In New Hampshire, the Journal maintained that Republican Gov. Chris Sununu, who was re-elected to his current job by 16 points, could have taken the Senate seat from Democrat Maggie Hassan. In Arizona, Trump-endorsed Republican Blake Masters trails Democrat Mark Kelly, but the Journal said former Gov. Doug Ducey could have won. Ducey refused to join in the 2020 election fraud chorus.

Likewise, in Pennsylvania, Trump-backed Mehmet Oz lost to John Fetterman, who the Journal labeled a “weak candidate” who is both “a lefty” and recovering from a stroke. “David McCormick would have been a better Republican nominee, but he wouldn’t say the 2020 election was stolen, so Mr. Trump endorsed Mr. Oz,” the Journal wrote.

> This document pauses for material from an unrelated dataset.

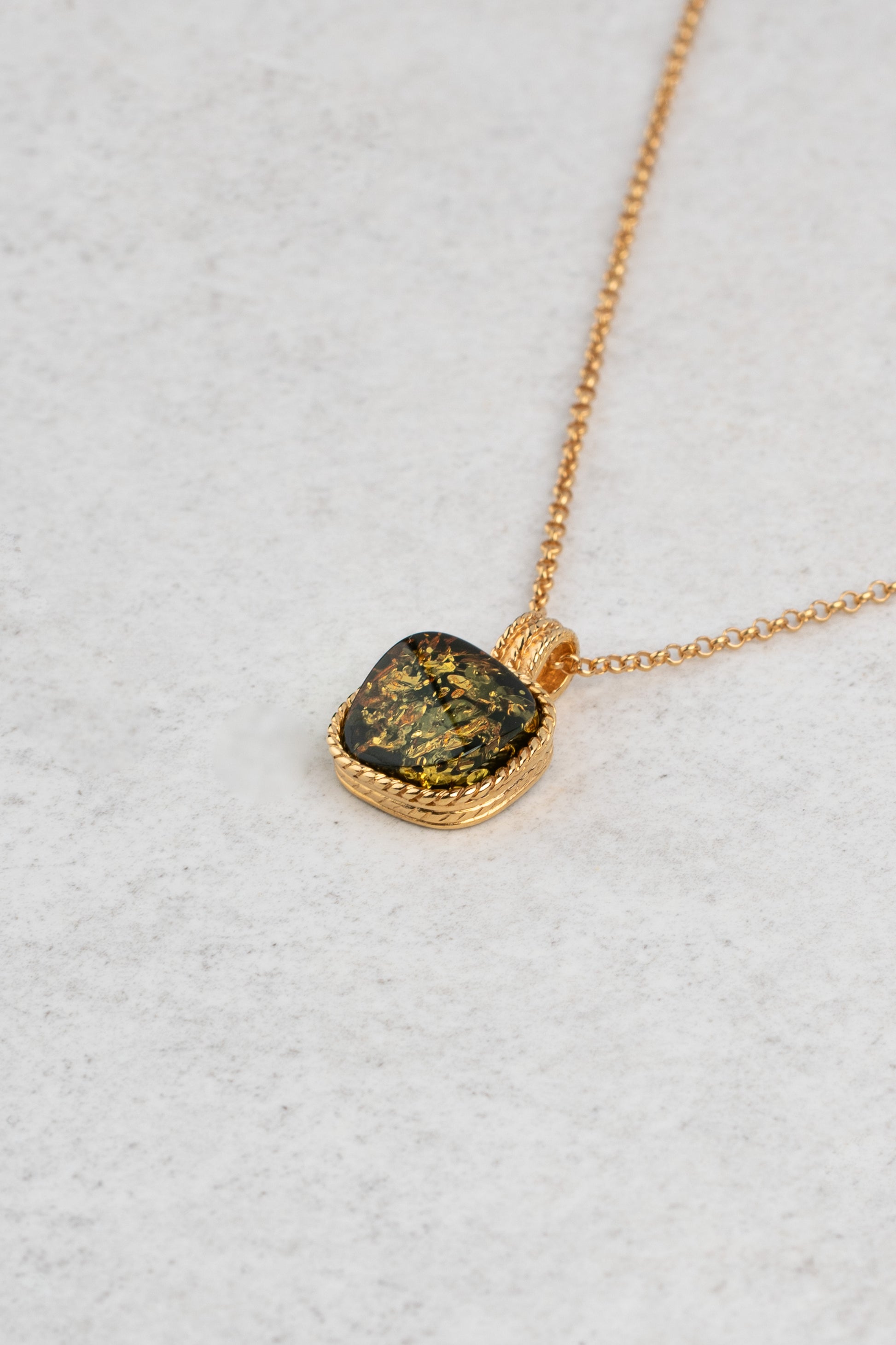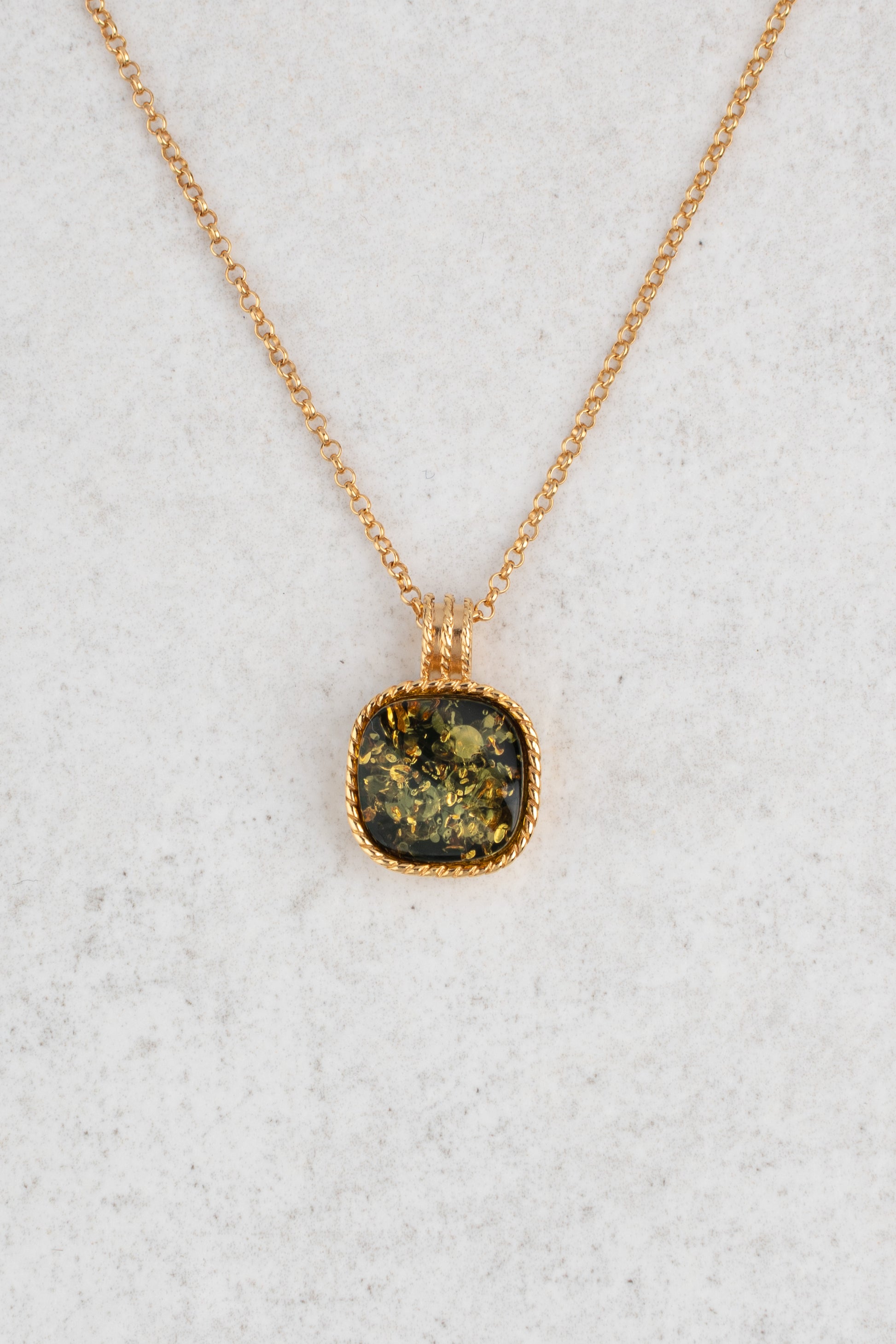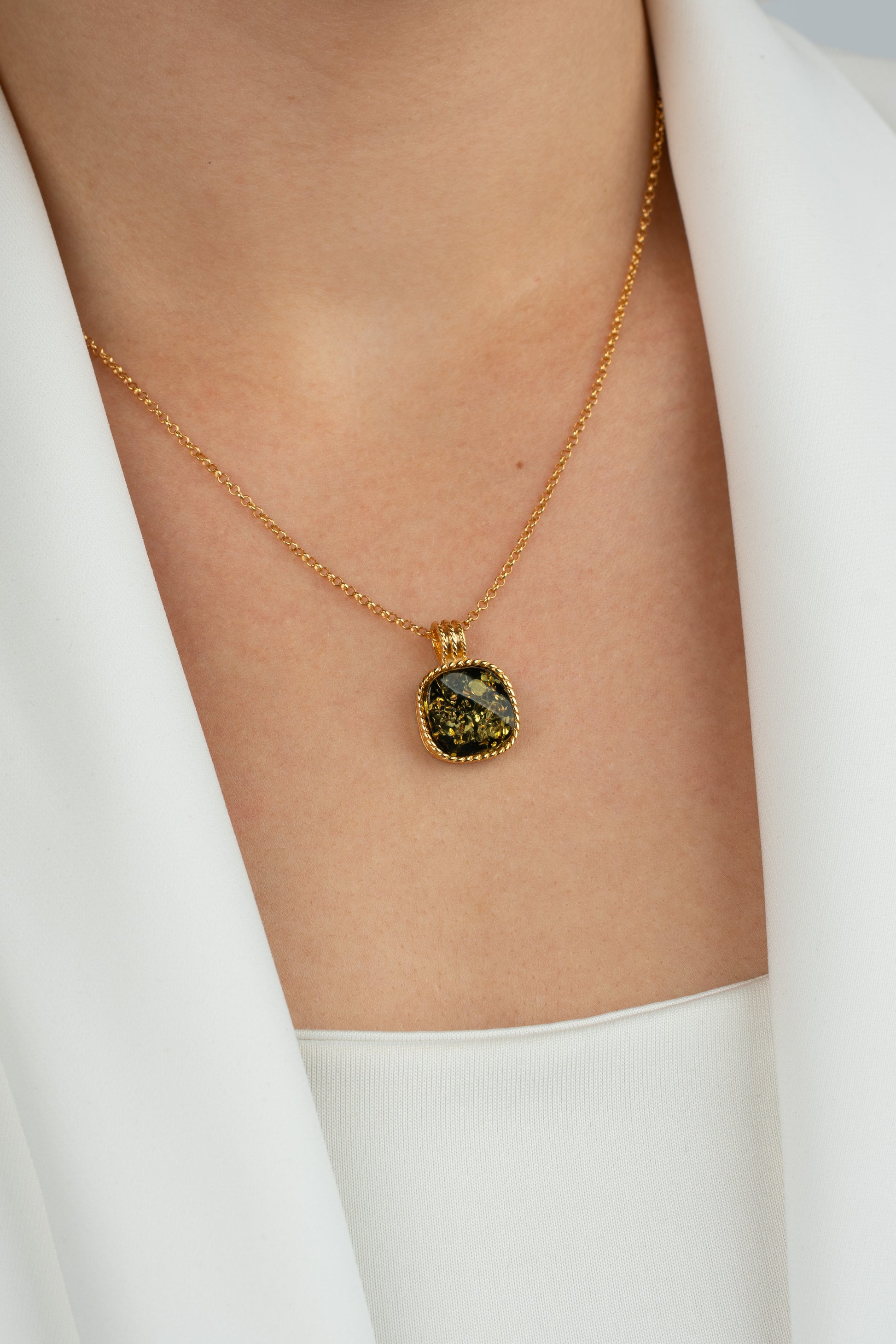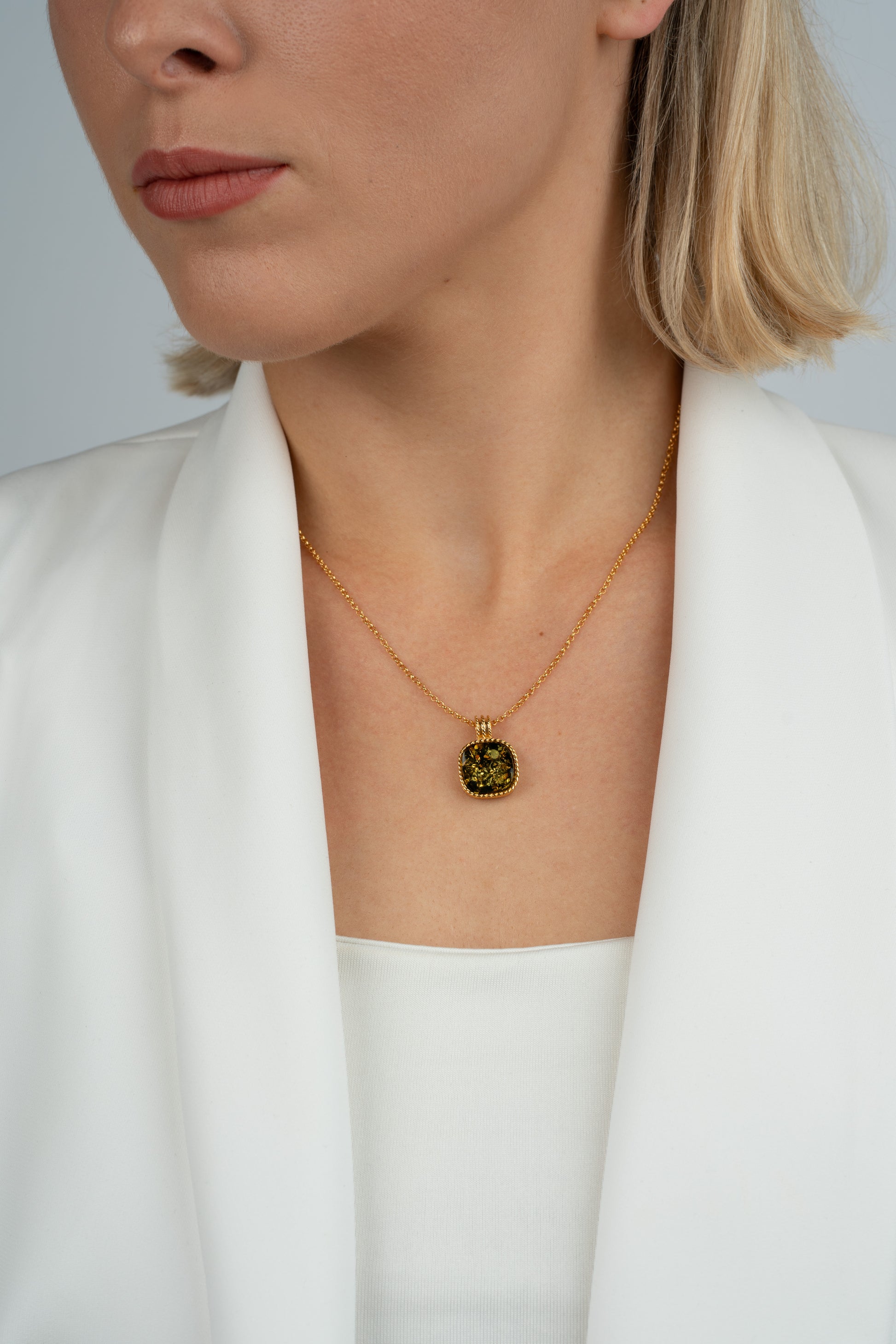 Šis vienetinis rankų darbo papuošalas, sukurtas Baltijos regiono meistro, atskleidžia autentiško Baltijos gintaro unikalumą. Netaisyklingos kvadrato formos žalias akmuo yra apgaubtas auksiniu rėmeliu, suteikiančiu pakabukui elegancijos ir modernaus prabangos.

And in Georgia, Trump-backed Hershel Walker will face Democratic Sen. Raphael Warnock in a runoff election, despite Republican Gov. Brian Kemp winning by eight points. “Mr. Walker’s flaws as a candidate were obvious, but Mr. Trump helped clear the primary field and other candidates opted out,” the paper said.

The Journal gave the credit for the one Trump-backed win in the Senate, Ohio’s J.D. Vance, to a Super Pac aligned with Sen. Mitch McConnell, noting that Vance trailed in the polls before a $32 million infusion of campaign cash late in the contest.

Trump’s gubernatorial candidates did no better, losing “winnable” races in Pennsylvania, Michigan and Wisconsin, the editorial said.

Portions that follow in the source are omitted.